===== Excerpted data

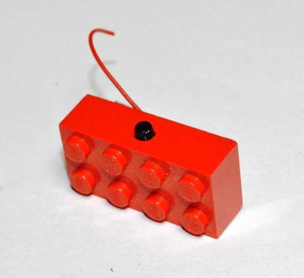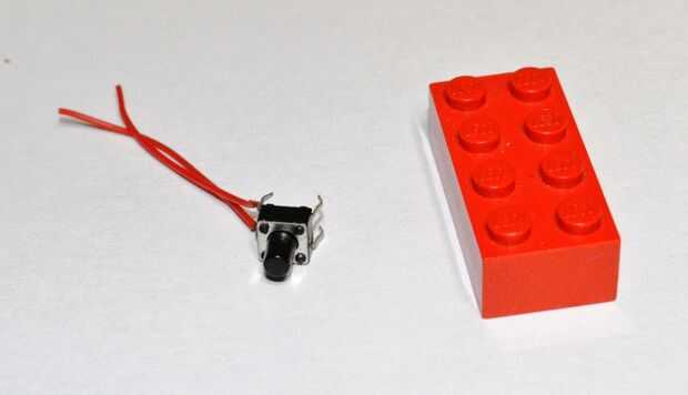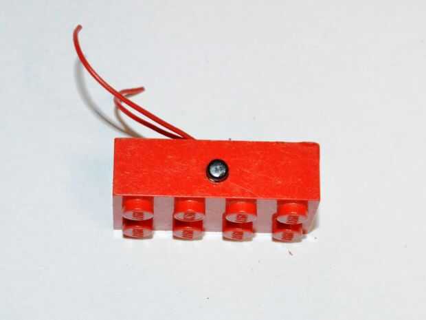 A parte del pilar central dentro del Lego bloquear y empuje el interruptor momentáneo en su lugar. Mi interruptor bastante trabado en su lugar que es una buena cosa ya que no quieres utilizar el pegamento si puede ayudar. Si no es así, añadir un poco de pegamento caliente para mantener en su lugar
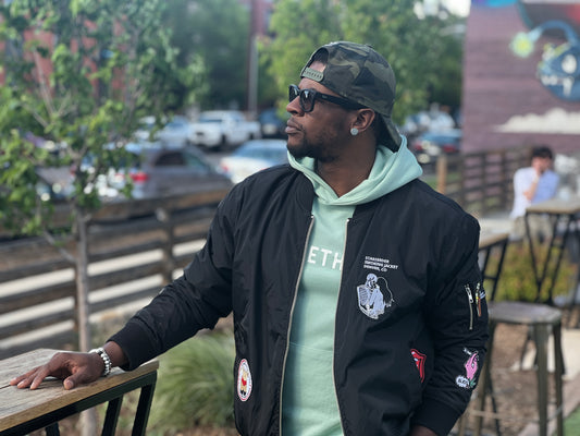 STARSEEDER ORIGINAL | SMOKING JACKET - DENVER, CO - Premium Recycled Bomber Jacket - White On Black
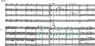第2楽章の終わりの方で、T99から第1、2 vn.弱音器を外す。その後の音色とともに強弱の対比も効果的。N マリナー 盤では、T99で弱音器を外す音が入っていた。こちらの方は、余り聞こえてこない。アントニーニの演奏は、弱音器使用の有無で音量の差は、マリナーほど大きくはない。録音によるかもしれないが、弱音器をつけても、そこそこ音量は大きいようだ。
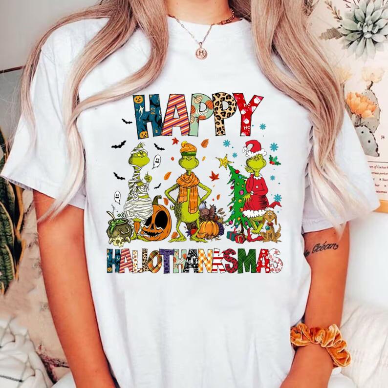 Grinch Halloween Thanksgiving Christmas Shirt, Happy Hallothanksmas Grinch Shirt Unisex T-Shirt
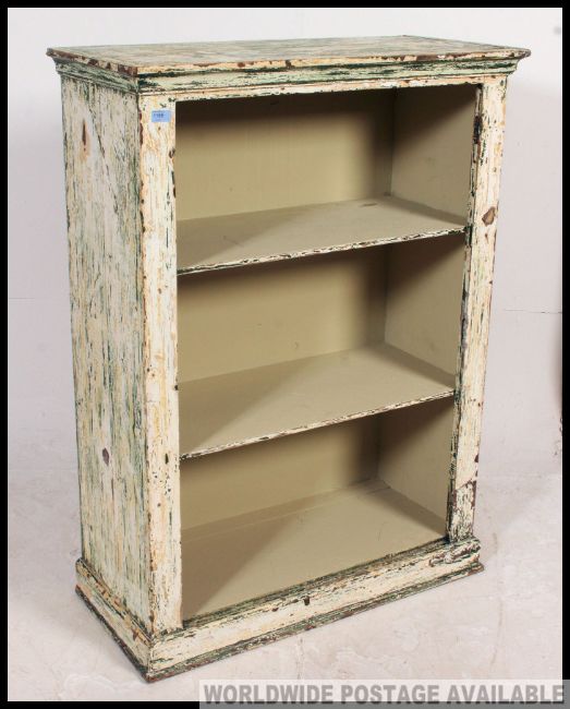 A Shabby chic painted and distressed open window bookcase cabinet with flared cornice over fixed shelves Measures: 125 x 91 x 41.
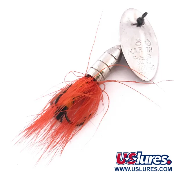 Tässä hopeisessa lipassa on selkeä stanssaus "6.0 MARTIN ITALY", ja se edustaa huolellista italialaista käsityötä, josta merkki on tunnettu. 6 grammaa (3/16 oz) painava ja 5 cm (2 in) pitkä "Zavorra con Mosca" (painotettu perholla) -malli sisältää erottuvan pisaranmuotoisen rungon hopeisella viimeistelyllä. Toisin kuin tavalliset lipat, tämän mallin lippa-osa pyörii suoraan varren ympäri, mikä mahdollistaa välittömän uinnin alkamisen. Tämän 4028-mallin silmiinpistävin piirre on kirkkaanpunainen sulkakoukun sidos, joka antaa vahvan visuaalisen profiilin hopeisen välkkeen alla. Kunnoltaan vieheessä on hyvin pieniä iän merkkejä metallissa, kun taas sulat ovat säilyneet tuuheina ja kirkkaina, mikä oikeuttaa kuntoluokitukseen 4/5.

==========

= What needs to be done =
Working down from the line with "Grinch Halloween Thanksgiving", copy each line exactly until the last line of the entries, which is also included. Omit the pictures.

= Answer to the problem =
 Grinch Halloween Thanksgiving Christmas Shirt, Happy Hallothanksmas Grinch Shirt Unisex T-Shirt
 A Shabby chic painted and distressed open window bookcase cabinet with flared cornice over fixed shelves Measures: 125 x 91 x 41.
 Tässä hopeisessa lipassa on selkeä stanssaus "6.0 MARTIN ITALY", ja se edustaa huolellista italialaista käsityötä, josta merkki on tunnettu. 6 grammaa (3/16 oz) painava ja 5 cm (2 in) pitkä "Zavorra con Mosca" (painotettu perholla) -malli sisältää erottuvan pisaranmuotoisen rungon hopeisella viimeistelyllä. Toisin kuin tavalliset lipat, tämän mallin lippa-osa pyörii suoraan varren ympäri, mikä mahdollistaa välittömän uinnin alkamisen. Tämän 4028-mallin silmiinpistävin piirre on kirkkaanpunainen sulkakoukun sidos, joka antaa vahvan visuaalisen profiilin hopeisen välkkeen alla. Kunnoltaan vieheessä on hyvin pieniä iän merkkejä metallissa, kun taas sulat ovat säilyneet tuuheina ja kirkkaina, mikä oikeuttaa kuntoluokitukseen 4/5.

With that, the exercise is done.